### Work instructions:
Below are the records. Retype, exactly, the lines from the first through the line with "and inner diameter)", and leave out the pictures.

Records for processing START

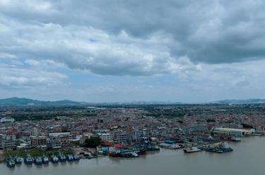 8月30日,“中外运海口”轮缓缓驶离山东港口青岛港(无人机照片)。
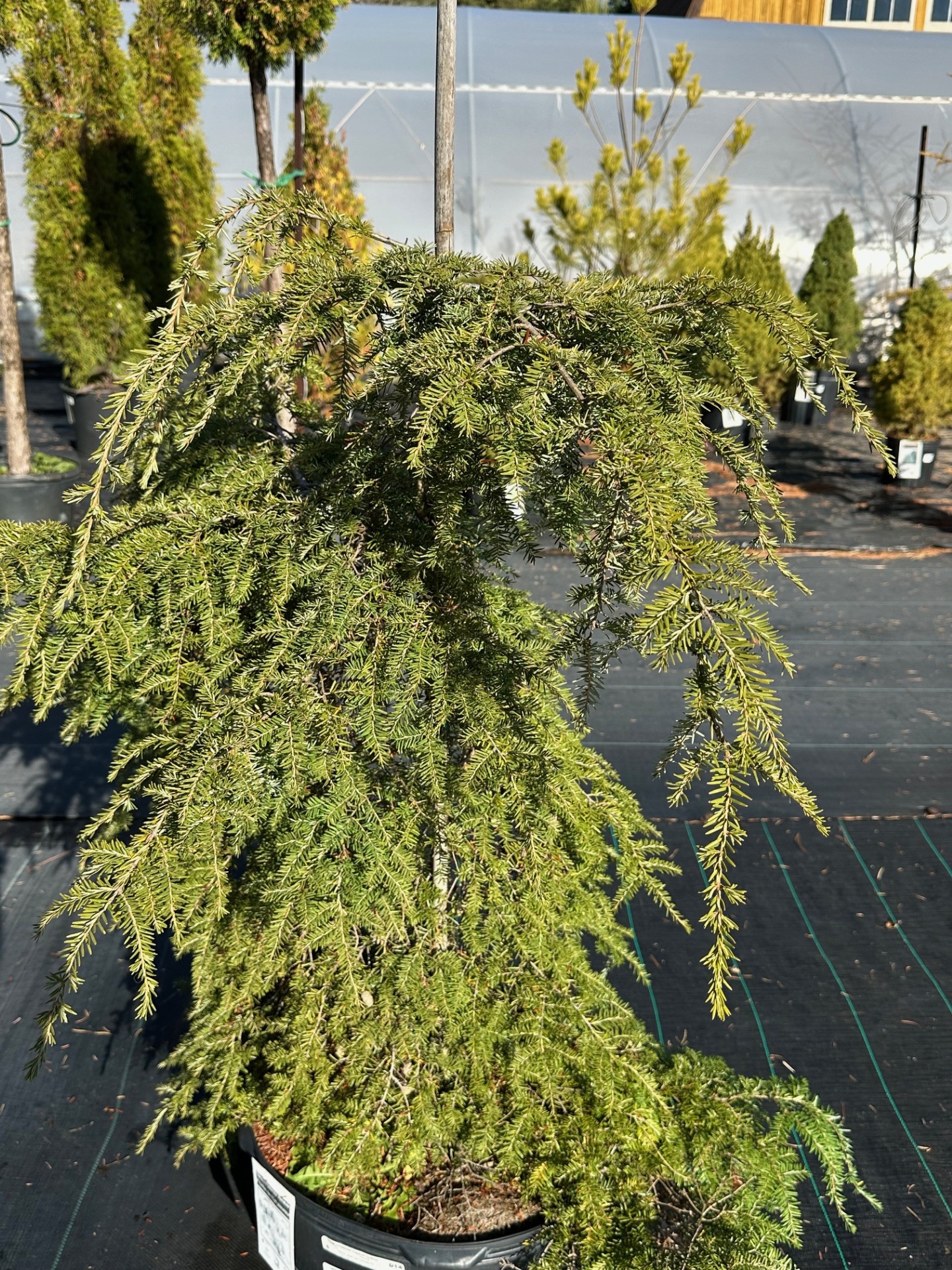 ![]() Tsuga canadensis 'Pendula', apprecie les sols humides et se plait autant au soleil qu'à l'ombre.Pruche du Canada pleureuseMagnifique spécimen au beaux rameaux retombant. La planter pour la mettre en évidence pour sa beauté et son élégance. Les pruches sont des conifère au feuillage persistant en hiver. Elles apprécient les sols humides et elles tolèrent tous les types de luminosités de l'ombre total au soleil ardent. Abriter des grands vents d'hiver ou couvrir. Zone de rusticité: 4 Dimensions: 4m haut x 4m large Ensoleillement: soleil ou mi-ombre ou ombre Couleur du feuillage: vert gris Utilisation: en isolé, plate-bande, Croissance: lente Taille: aucune Sol: tolère les sols humides. Arrosage: garder le sol frais mais non détrempé.
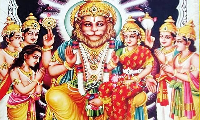 "மரியாதைக்குரிய எனது தெய்வமான விஷ்ணு பகவான், நீங்கள் நினைப்பது போல் ஓரிடத்தில் மட்டுமே இருப்பவர் அல்ல.. அவர் எங்கும் நிறைந்திருப்பவர்" என்றான், பிரகலாதன். அப்போது இரண்யகசிபு அங்கிருந்த ஒரு தூணைக் காட்டி "இந்த தூணில் உன் ஹரி இருக்கிறானா?" என்றான். அதற்கு பிரகலாதன் "நிச்சயம் இருப்பார்" என்று பதிலளித்தான். உடனே இரண்யகசிபு, தன் வலிமையான கதாயுதத்தைக் கொண்டு அந்தத் தூணை பிளந்தான். அப்போது அதன் உள்ளே இருந்து, சிங்க முகமும், மனித உடலும் கொண்ட நரசிம்மர் தோன்றினார்.
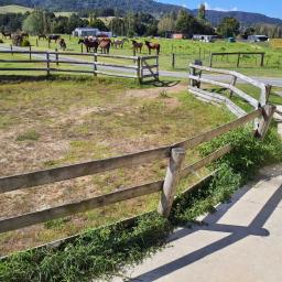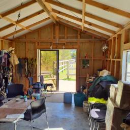 Purpose-built tack/feed room (built 2021) 24 sq m with adjacent concrete pad for horse trailer parking & horse washing.
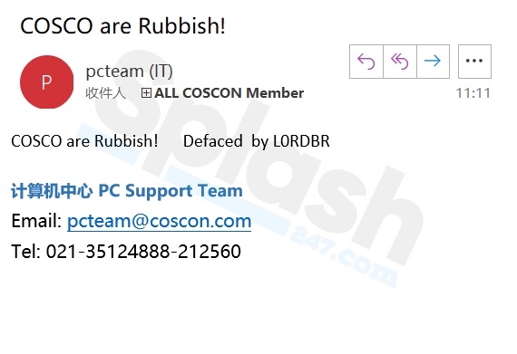 Một tin tặc người Brazil có tên L0RDBR đã xâm nhập vào hệ thống email của Cosco vào thứ Bảy. Khi được Splash liên hệ, một nguồn tin tại trung tâm CNTT của Cosco đã xác nhận rằng hệ thống email đã bị tấn công và nó vẫn đang được khắc phục. Không có con số thời gian cụ thể bao lâu để giải quyết được đưa ra.
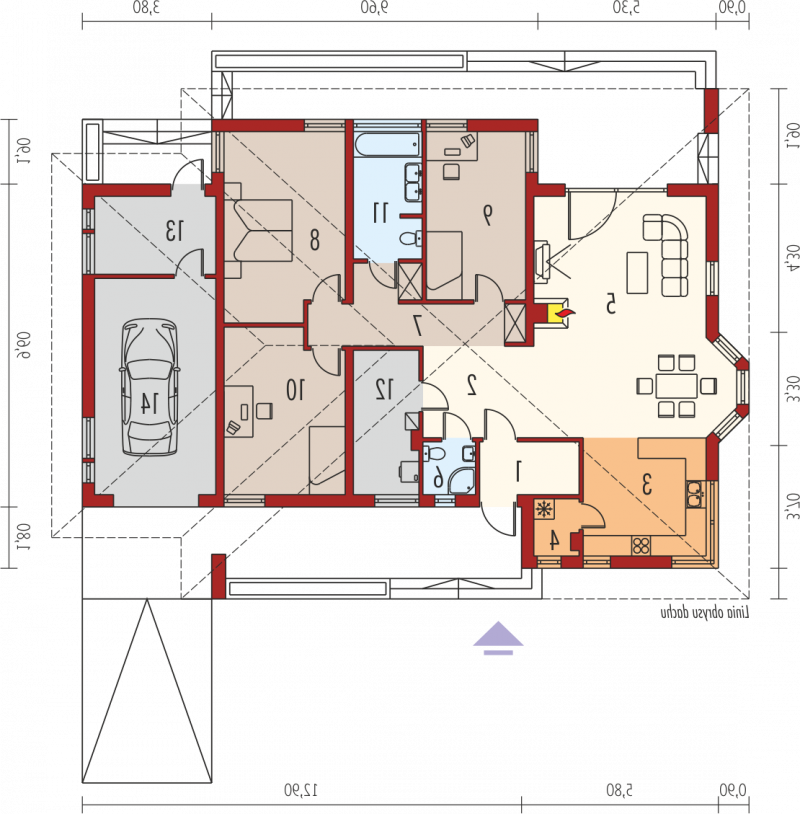 - Kąt nachylenia dachu 22.00°
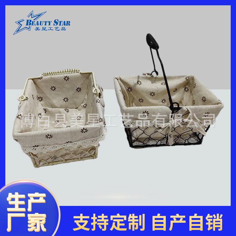 ホーム雑貨鉄芸カバー布小枠収納バスケット雑品収納バスケット裏地付き取っ手収納枠ピクニックバスケット
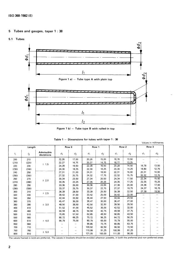 and inner diameter) of tubes with taper 1 : 38 and 1 : 64 for
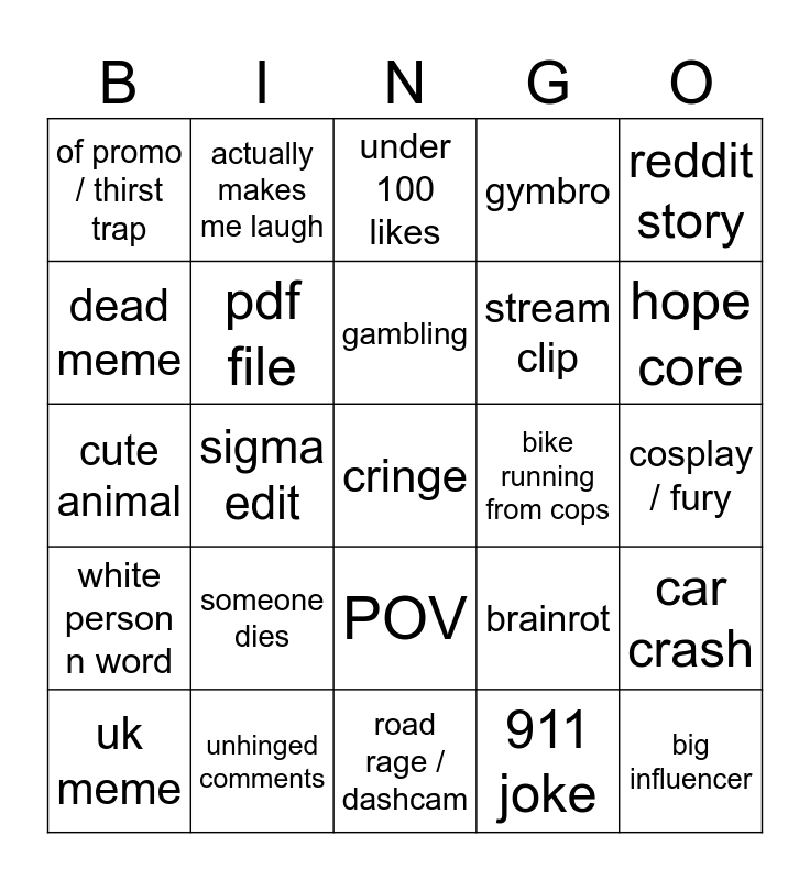 This bingo card has a free space and 24 words: someone dies, unhinged comments, gambling, uk meme, reddit story, of promo / thirst trap, dead meme, actually makes me laugh, bike running from cops, POV, stream clip, cute animal, brainrot, car crash, pdf file, 911 joke, cosplay / fury, under 100 likes, hope core, sigma edit, big influencer, white person n word, gymbro and road rage / dashcam.
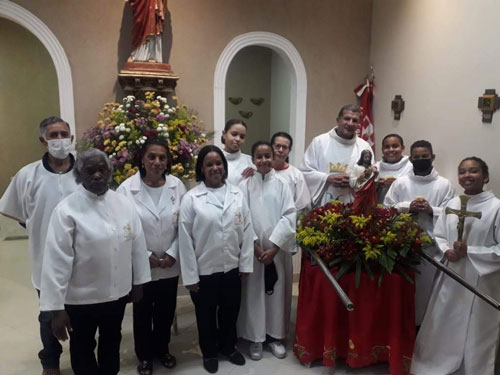 O grupo é composto por crianças e adolescentes que se dedicam ao auxílio das celebrações eucarísticas. Trabalham num revezamento de escala para ajudar o celebrante nos serviços do altar durante a missa ou celebração da Palavra. A formação para novos coroinhas acontece uma vez ao ano, para se inscrever os interessados podem procurar os coordenadores de cada comunidade.
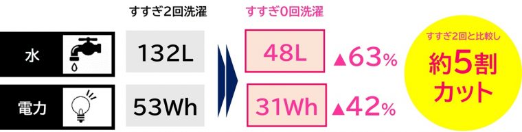 また、すすぎ2回洗濯時と比較して、水使用量・電力使用量を約5割削減することができます。すすぎ0回でも泡残りなく、洗剤残りの心配もないとしています(※)。
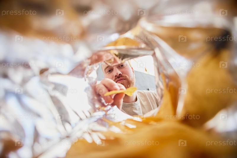 Молодой взрослый мужчина достигает int Snack Bag и Imak Potato Chips
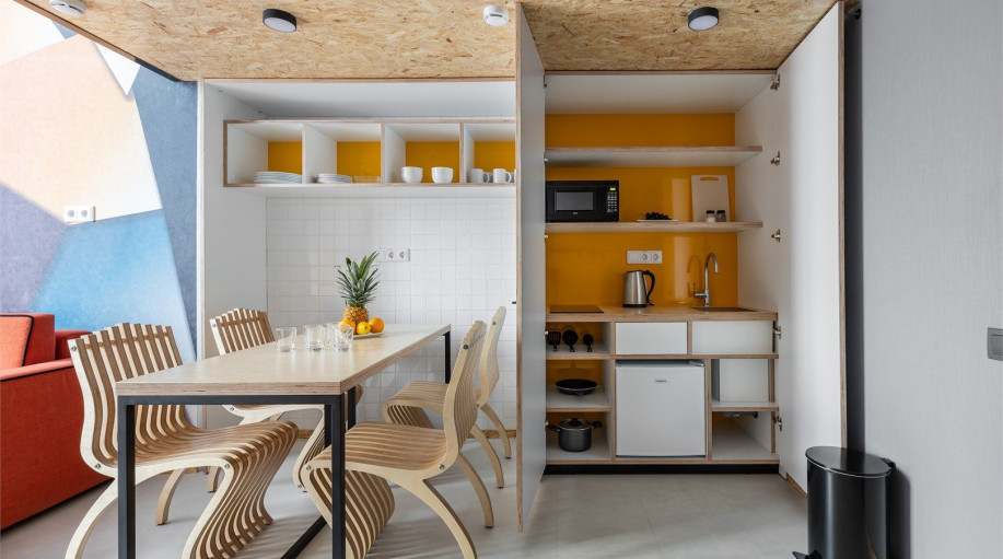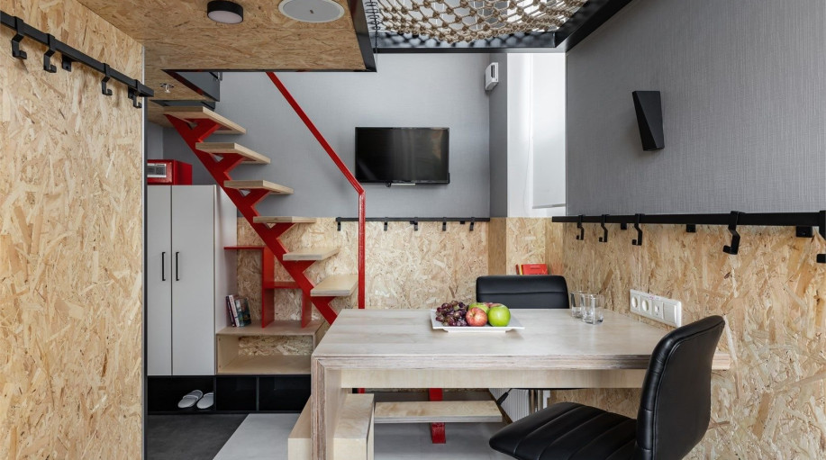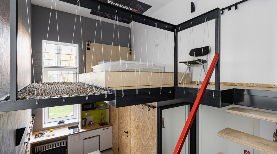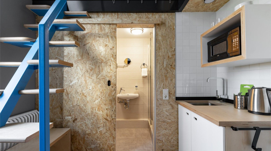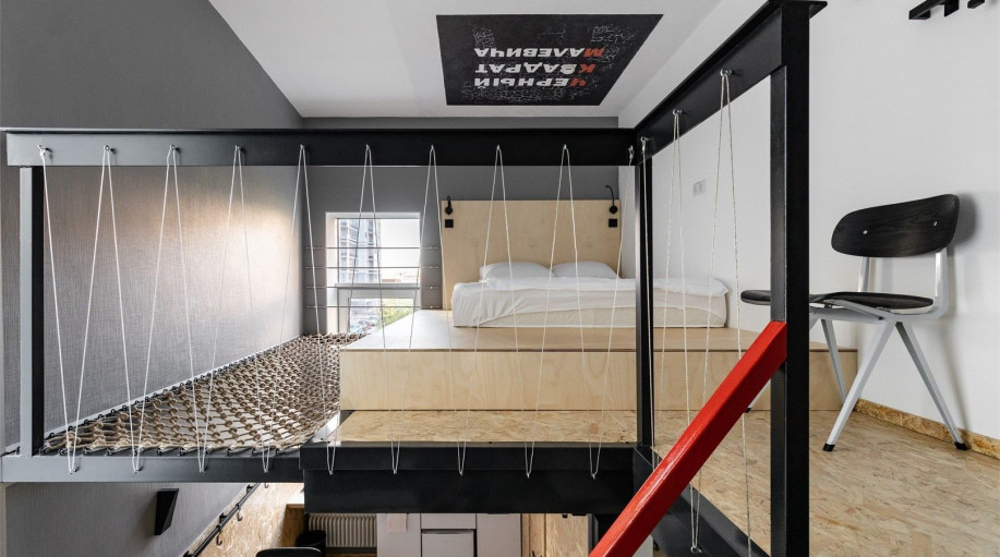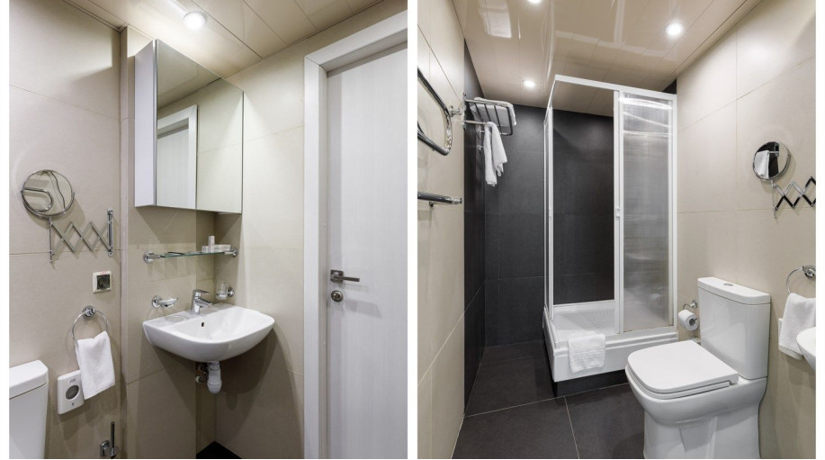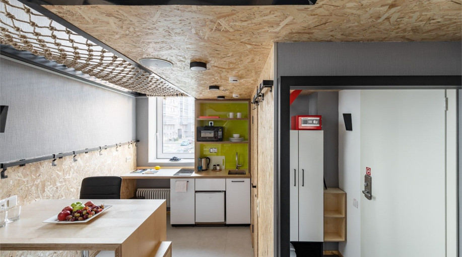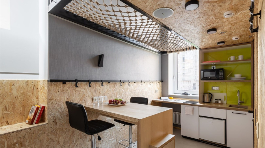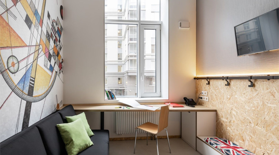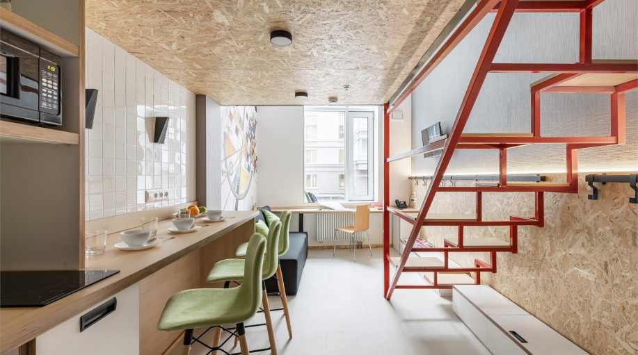 «Экстер» - номер площадью 19,4 м2. На втором этаже расположены две односпальные кровати и рабочие столы. На первом – зона отдыха с телевизором и санузел с душевой кабиной. Номер подойдет для размещения двух гостей...

Records for processing END

### Answer area:
 8月30日,“中外运海口”轮缓缓驶离山东港口青岛港(无人机照片)。
 ![]() Tsuga canadensis 'Pendula', apprecie les sols humides et se plait autant au soleil qu'à l'ombre.Pruche du Canada pleureuseMagnifique spécimen au beaux rameaux retombant. La planter pour la mettre en évidence pour sa beauté et son élégance. Les pruches sont des conifère au feuillage persistant en hiver. Elles apprécient les sols humides et elles tolèrent tous les types de luminosités de l'ombre total au soleil ardent. Abriter des grands vents d'hiver ou couvrir. Zone de rusticité: 4 Dimensions: 4m haut x 4m large Ensoleillement: soleil ou mi-ombre ou ombre Couleur du feuillage: vert gris Utilisation: en isolé, plate-bande, Croissance: lente Taille: aucune Sol: tolère les sols humides. Arrosage: garder le sol frais mais non détrempé.
 "மரியாதைக்குரிய எனது தெய்வமான விஷ்ணு பகவான், நீங்கள் நினைப்பது போல் ஓரிடத்தில் மட்டுமே இருப்பவர் அல்ல.. அவர் எங்கும் நிறைந்திருப்பவர்" என்றான், பிரகலாதன். அப்போது இரண்யகசிபு அங்கிருந்த ஒரு தூணைக் காட்டி "இந்த தூணில் உன் ஹரி இருக்கிறானா?" என்றான். அதற்கு பிரகலாதன் "நிச்சயம் இருப்பார்" என்று பதிலளித்தான். உடனே இரண்யகசிபு, தன் வலிமையான கதாயுதத்தைக் கொண்டு அந்தத் தூணை பிளந்தான். அப்போது அதன் உள்ளே இருந்து, சிங்க முகமும், மனித உடலும் கொண்ட நரசிம்மர் தோன்றினார்.
 Purpose-built tack/feed room (built 2021) 24 sq m with adjacent concrete pad for horse trailer parking & horse washing.
 Một tin tặc người Brazil có tên L0RDBR đã xâm nhập vào hệ thống email của Cosco vào thứ Bảy. Khi được Splash liên hệ, một nguồn tin tại trung tâm CNTT của Cosco đã xác nhận rằng hệ thống email đã bị tấn công và nó vẫn đang được khắc phục. Không có con số thời gian cụ thể bao lâu để giải quyết được đưa ra.
 - Kąt nachylenia dachu 22.00°
 ホーム雑貨鉄芸カバー布小枠収納バスケット雑品収納バスケット裏地付き取っ手収納枠ピクニックバスケット
 and inner diameter) of tubes with taper 1 : 38 and 1 : 64 for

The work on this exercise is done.